La presentazione integrale delle opere di Sirk sarà accompagnata da una selezione di film contemporanei a lui collegati e da documentari e programmi televisivi che lo hanno visto protagonista. Per la prima volta, l’intero corpus sirkiano potrà essere riletto a partire dai documenti inediti messi a disposizione dalla famiglia del regista attraverso la Douglas Sirk Foundation e custoditi dal 2012 alla Cinémathèque suisse. Documenti che permetteranno di ampliare la prospettiva sulla figura di Sirk, abbracciando anche la sua produzione come intellettuale e uomo di cultura.

Roberto Turigliatto, co-curatore con Bernard Eisenschitz della Retrospettiva del Locarno Film Festival: “Nel 1978, qualche anno prima della sua morte, Douglas Sirk partecipò al Locarno Film Festival, presentando alcuni suoi film. Era il momento della scoperta del regista dopo i rari riconoscimenti che gli erano stati attribuiti fino ad allora. Quarantaquattro anni dopo è sembrato indispensabile ritornare sull’opera di questo grande Maestro con una Retrospettiva completa per esplorarne tutta la complessità, in sintonia con un forte e rinnovato interesse internazionale”.

In occasione della Retrospettiva uscirà inoltre un volume di Bernard Eisenschitz, storico del cinema, edito da Les éditions de l’Œil, che, grazie alla ricchezza dei documenti esaminati, proporrà un nuovo approccio all’opera sirkiana:

“Douglas Sirk è stato un autore completo sin dal suo memorabile lavoro teatrale a Brema e Lipsia – racconta Eisenschitz – concluso con lo scandalo organizzato dai nazisti alla sua creazione dell’opera di Kurt Weill Silbersee. Sotto il Terzo Reich, ha realizzato, senza nessun compromesso, cinque film notevoli e ha scoperto la grande cantante e attrice Zarah Leander, prima di fuggire dalla Germania nazista. A Hollywood, ha avuto un percorso artistico solitario, individuale e diversificato, che lo ha portato ai suoi celeberrimi grandi melodrammi”.

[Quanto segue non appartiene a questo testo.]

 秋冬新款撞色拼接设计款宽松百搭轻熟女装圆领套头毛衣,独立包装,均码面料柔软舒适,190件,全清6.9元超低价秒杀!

La Retrospettiva è organizzata dal Locarno Film Festival in partenariato con la Cinémathèque suisse e la Cinémathèque française, e la collaborazione di numerosi archivi internazionali.

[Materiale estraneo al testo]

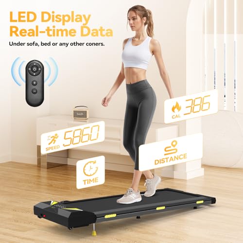 LED DISPLAY & REMOTE CONTROL – This walking pad clearly displays and tracks workout data through the LED display, showing speed, distance, calories, time. In addition, you can adjust the speed and control the walking pad through the remote control.

Il progetto vede inoltre coinvolte prestigiose istituzioni svizzere e internazionali che assicureranno una circuitazione che farà viaggiare la Retrospettiva dopo la fine dell’edizione. La Retrospettiva integrale dedicata a Douglas Sirk sarà presentata alla Cinémathèque française a partire dal 31 agosto 2022 (per maggior informazioni cinematheque.fr).

Douglas Sirk – Biografia

Detlef Sierck, questo il suo vero nome (Amburgo, 1897 – Lugano, 1987), dopo aver trascorso l’infanzia ad Amburgo e in Danimarca, paese da cui provenivano i genitori, si dedicò al teatro in Germania. In seguito, venne assunto dalla Universum Film AG (UFA), esordendo nel lungometraggio con April, April! (1935), e realizzando poi Schlussakkord (Final Accord, 1936) e La Habanera (1937). In fuga dalla Germania nazista, come molti altri registi europei, si fece notare con Hitler’s Madman (1943) e Summer Storm (1944). Da qui si divise fra thriller e commedie, con incursioni sporadiche in altri generi, come il western (Taza, Son of Cochise, 1954). Negli Stati Uniti assunse il nome di Douglas Sirk e dall’inizio degli anni Cinquanta lavorò sotto contratto alla Universal. Nel 1953, All I Desire aprì il grande ciclo di melodrammi – che include titoli come Magnificent Obsession (1954), All That Heaven Allows (1955), Written on the Wind (1956) e Imitation of Life (1959) – che conquistarono anche alcuni critici europei, grazie alla loro capacità di esplorare la società statunitense tramite uno sguardo antirealista, un’assoluta raffinatezza estetica e un’inedita sensibilità femminista. Al suo ritorno in Europa, Sirk si stabilì in Svizzera, a Lugano, riprendendo la sua attività teatrale in Germania e insegnando alla Hochschule für Film und Fernsehen (HFFM) di Monaco dove supervisionò la realizzazione di tre cortometraggi.